Task item >> The answer is to be an exact copy of the lines below running from the line with "Uma ilustração retrógrada" down to the line with "White Marble vase", both ends included, and nothing more.

---- Supplied material

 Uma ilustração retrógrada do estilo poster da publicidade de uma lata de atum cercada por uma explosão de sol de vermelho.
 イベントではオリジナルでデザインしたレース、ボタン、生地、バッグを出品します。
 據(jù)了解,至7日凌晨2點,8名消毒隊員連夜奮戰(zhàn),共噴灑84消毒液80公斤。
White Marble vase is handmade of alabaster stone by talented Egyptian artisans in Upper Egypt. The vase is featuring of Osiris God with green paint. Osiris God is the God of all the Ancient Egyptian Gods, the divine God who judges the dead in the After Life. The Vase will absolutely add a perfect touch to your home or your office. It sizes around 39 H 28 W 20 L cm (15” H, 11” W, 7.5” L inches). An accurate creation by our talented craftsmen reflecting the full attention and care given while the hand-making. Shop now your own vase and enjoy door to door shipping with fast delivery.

--------
---- Supplied material

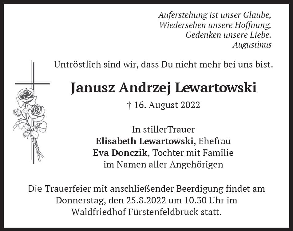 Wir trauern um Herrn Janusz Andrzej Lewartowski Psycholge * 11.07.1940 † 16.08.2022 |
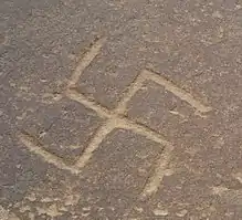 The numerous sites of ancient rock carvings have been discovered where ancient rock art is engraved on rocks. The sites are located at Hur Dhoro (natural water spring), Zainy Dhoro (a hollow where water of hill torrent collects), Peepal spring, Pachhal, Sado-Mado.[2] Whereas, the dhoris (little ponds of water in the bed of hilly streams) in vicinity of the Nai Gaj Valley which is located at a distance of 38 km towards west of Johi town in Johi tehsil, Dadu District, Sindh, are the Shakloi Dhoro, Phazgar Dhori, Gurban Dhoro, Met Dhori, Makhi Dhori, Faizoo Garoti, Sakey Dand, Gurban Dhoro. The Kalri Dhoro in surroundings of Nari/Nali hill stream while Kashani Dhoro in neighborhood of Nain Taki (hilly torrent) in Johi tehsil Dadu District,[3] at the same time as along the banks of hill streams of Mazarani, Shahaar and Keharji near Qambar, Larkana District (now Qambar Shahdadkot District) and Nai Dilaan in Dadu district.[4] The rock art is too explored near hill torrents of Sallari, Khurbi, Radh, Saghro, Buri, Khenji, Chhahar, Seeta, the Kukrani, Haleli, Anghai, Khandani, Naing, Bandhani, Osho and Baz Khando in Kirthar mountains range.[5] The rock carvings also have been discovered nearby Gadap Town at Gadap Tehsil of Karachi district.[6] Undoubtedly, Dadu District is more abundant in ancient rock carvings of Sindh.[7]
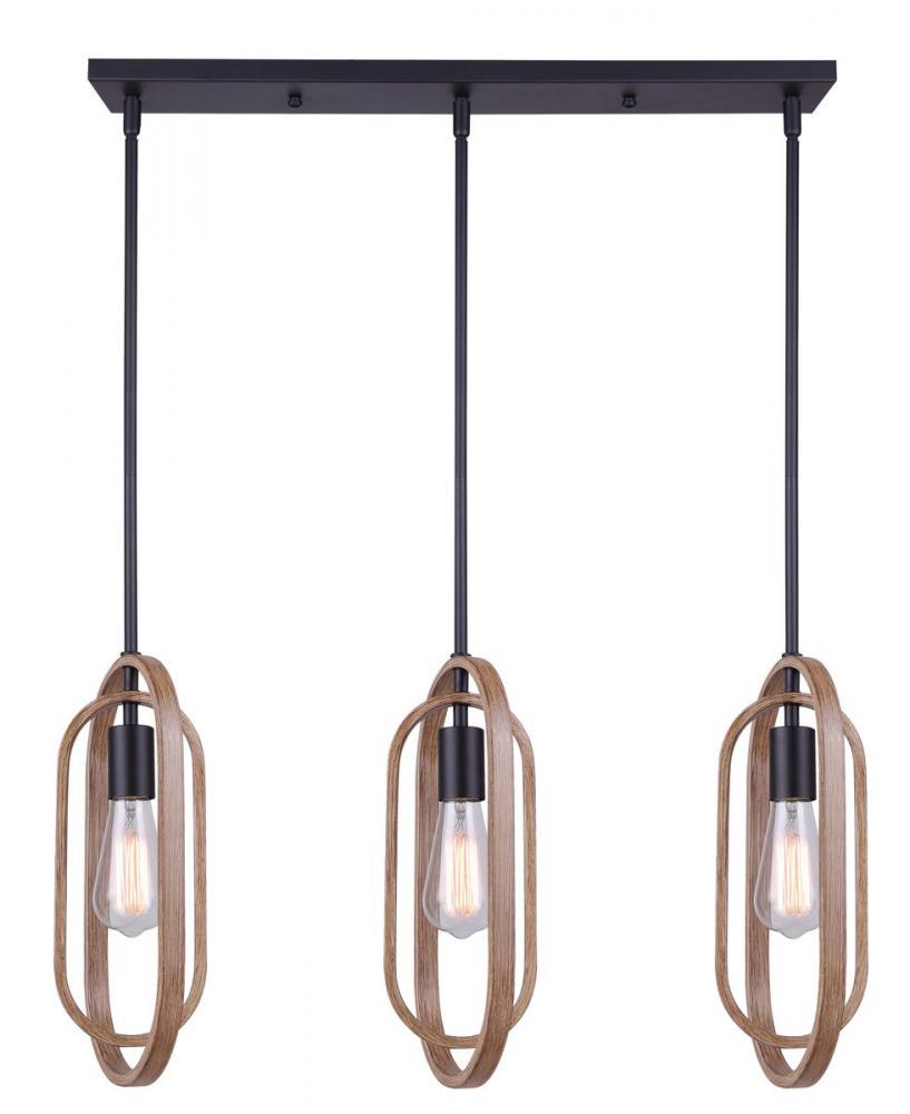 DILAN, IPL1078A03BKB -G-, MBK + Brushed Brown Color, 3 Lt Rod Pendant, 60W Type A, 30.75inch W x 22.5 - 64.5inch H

--------
---- Supplied material

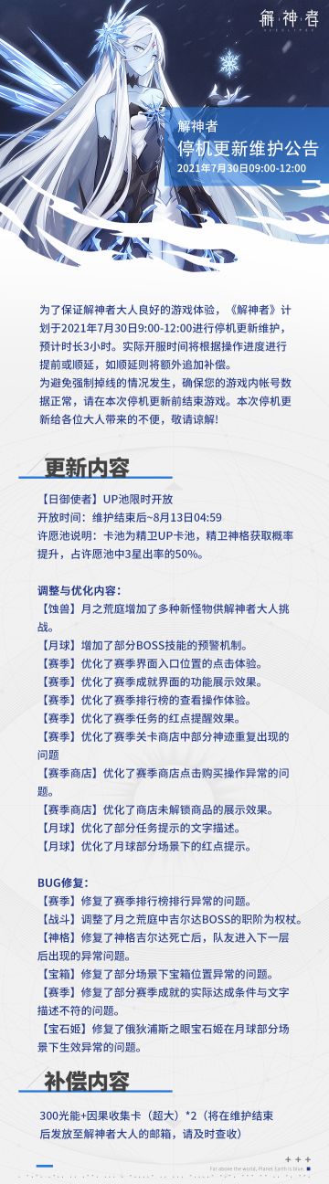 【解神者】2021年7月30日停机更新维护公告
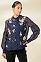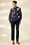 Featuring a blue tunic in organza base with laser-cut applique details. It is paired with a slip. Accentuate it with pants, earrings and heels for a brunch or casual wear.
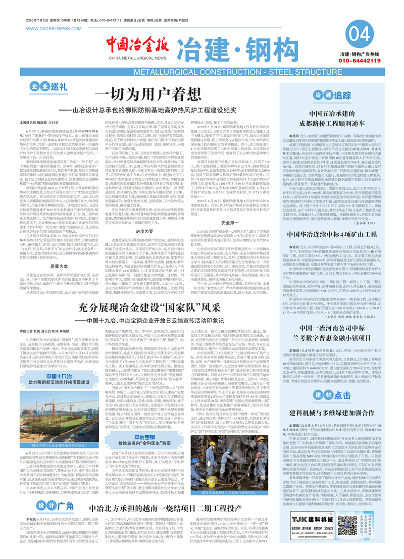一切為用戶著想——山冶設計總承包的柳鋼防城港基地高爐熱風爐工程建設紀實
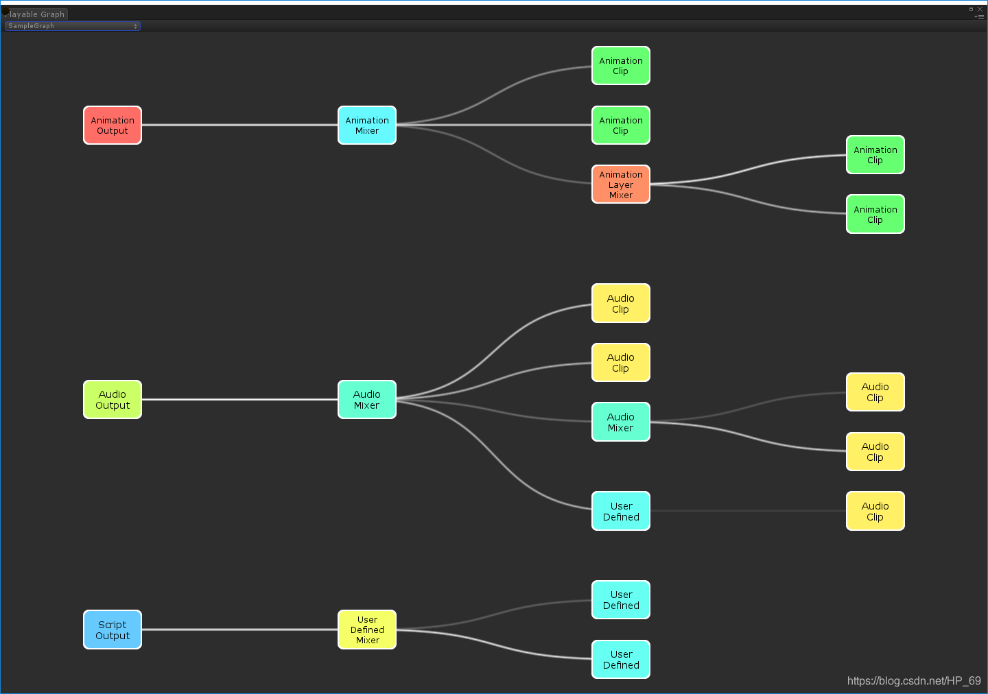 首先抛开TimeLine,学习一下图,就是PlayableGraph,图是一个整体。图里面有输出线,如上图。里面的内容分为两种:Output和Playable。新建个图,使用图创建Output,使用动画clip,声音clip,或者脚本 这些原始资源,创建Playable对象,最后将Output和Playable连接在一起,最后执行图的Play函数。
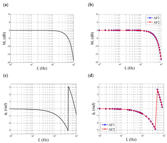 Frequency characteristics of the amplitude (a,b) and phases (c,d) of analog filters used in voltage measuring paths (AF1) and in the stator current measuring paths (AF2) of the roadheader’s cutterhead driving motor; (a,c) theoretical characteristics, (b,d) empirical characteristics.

--------

Task answer >>
 Uma ilustração retrógrada do estilo poster da publicidade de uma lata de atum cercada por uma explosão de sol de vermelho.
 イベントではオリジナルでデザインしたレース、ボタン、生地、バッグを出品します。
 據(jù)了解,至7日凌晨2點,8名消毒隊員連夜奮戰(zhàn),共噴灑84消毒液80公斤。
White Marble vase is handmade of alabaster stone by talented Egyptian artisans in Upper Egypt. The vase is featuring of Osiris God with green paint. Osiris God is the God of all the Ancient Egyptian Gods, the divine God who judges the dead in the After Life. The Vase will absolutely add a perfect touch to your home or your office. It sizes around 39 H 28 W 20 L cm (15” H, 11” W, 7.5” L inches). An accurate creation by our talented craftsmen reflecting the full attention and care given while the hand-making. Shop now your own vase and enjoy door to door shipping with fast delivery.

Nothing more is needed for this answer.